**REQUIRED ACTION**
Restate exactly the lines that run from the start of the records below to the line containing "Egymás utáni veszélyes", counting both ends, and nothing else; pictures stay out.

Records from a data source
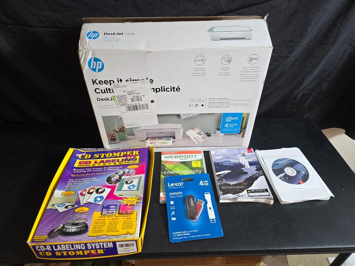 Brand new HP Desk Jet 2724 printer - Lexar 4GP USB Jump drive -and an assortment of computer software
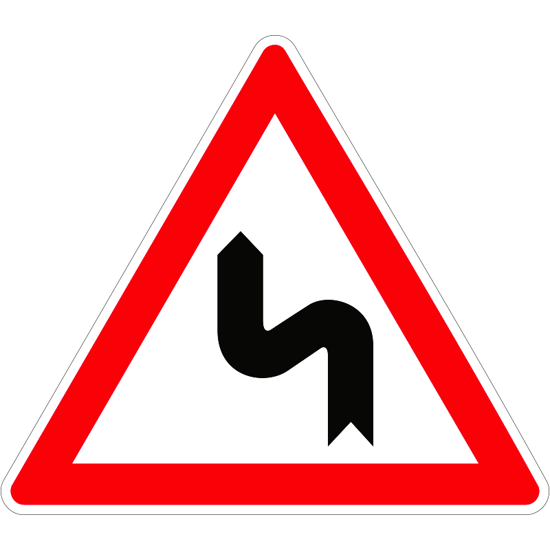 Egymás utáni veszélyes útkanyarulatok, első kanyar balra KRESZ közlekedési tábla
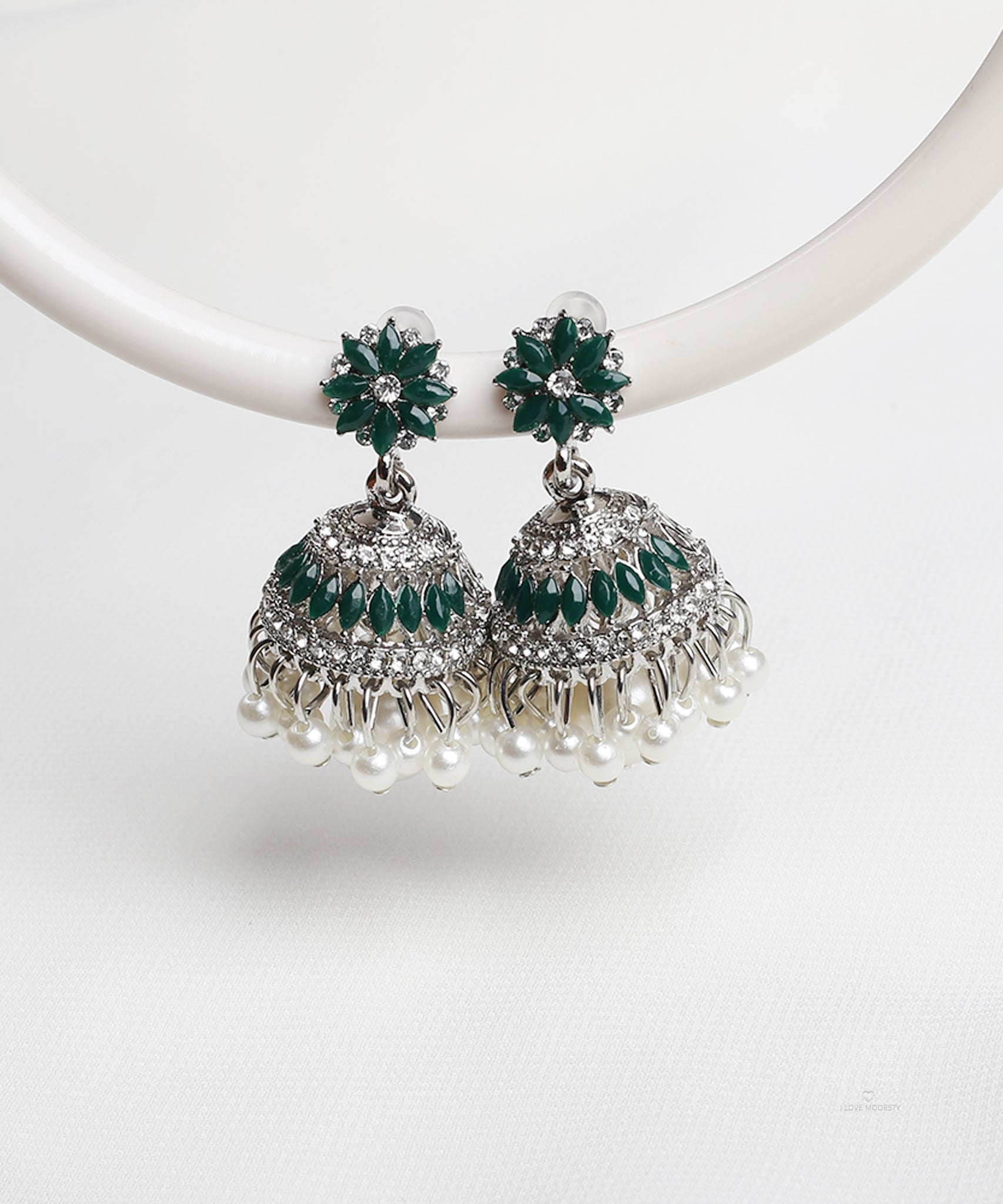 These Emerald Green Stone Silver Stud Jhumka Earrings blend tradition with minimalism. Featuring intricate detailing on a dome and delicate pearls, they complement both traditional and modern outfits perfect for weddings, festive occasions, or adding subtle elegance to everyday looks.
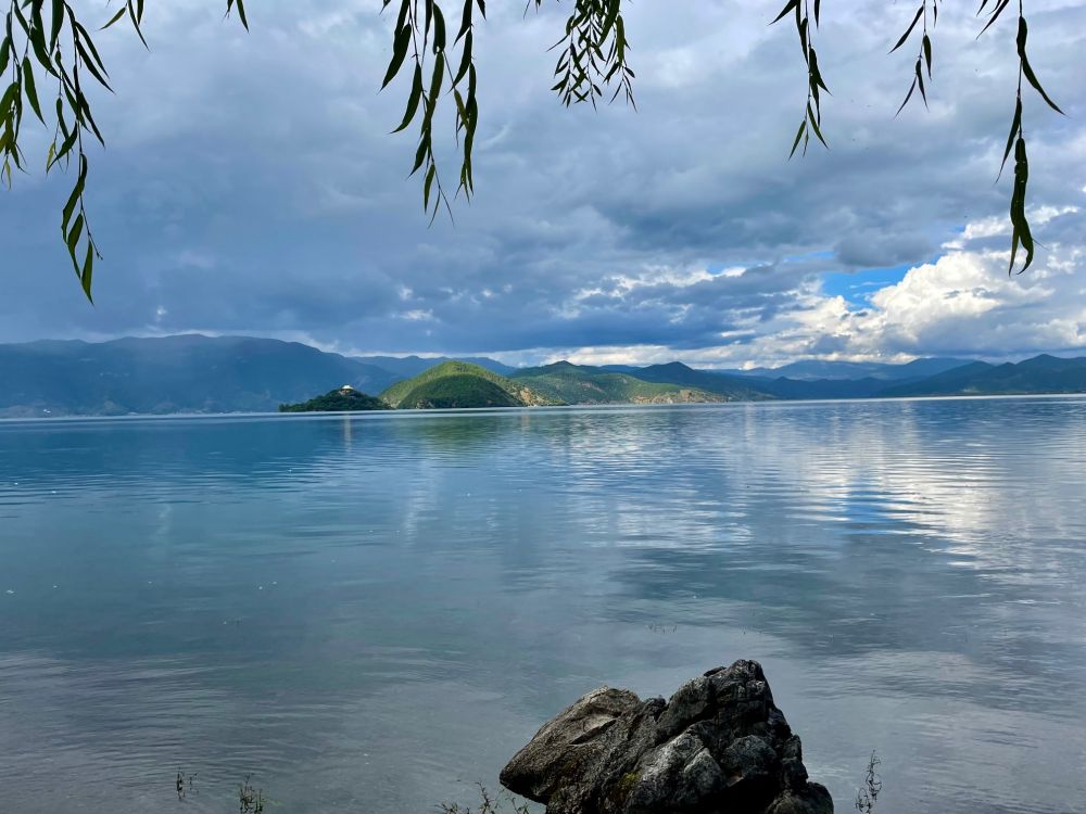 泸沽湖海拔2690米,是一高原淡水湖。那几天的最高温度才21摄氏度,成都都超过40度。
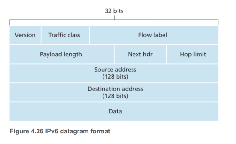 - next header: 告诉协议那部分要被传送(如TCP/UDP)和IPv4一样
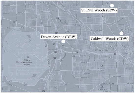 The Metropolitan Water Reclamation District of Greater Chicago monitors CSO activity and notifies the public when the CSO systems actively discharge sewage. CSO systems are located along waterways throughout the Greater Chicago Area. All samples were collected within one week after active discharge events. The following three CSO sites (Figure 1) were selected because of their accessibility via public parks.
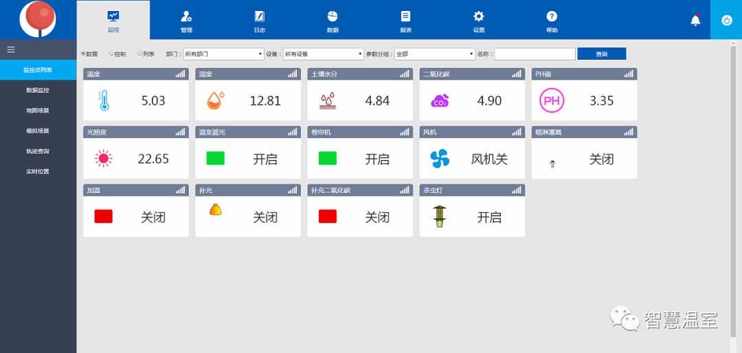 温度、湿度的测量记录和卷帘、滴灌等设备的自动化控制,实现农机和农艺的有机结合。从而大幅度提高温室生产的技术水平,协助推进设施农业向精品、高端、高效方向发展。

**ANSWER BOX**
 Brand new HP Desk Jet 2724 printer - Lexar 4GP USB Jump drive -and an assortment of computer software
 Egymás utáni veszélyes útkanyarulatok, első kanyar balra KRESZ közlekedési tábla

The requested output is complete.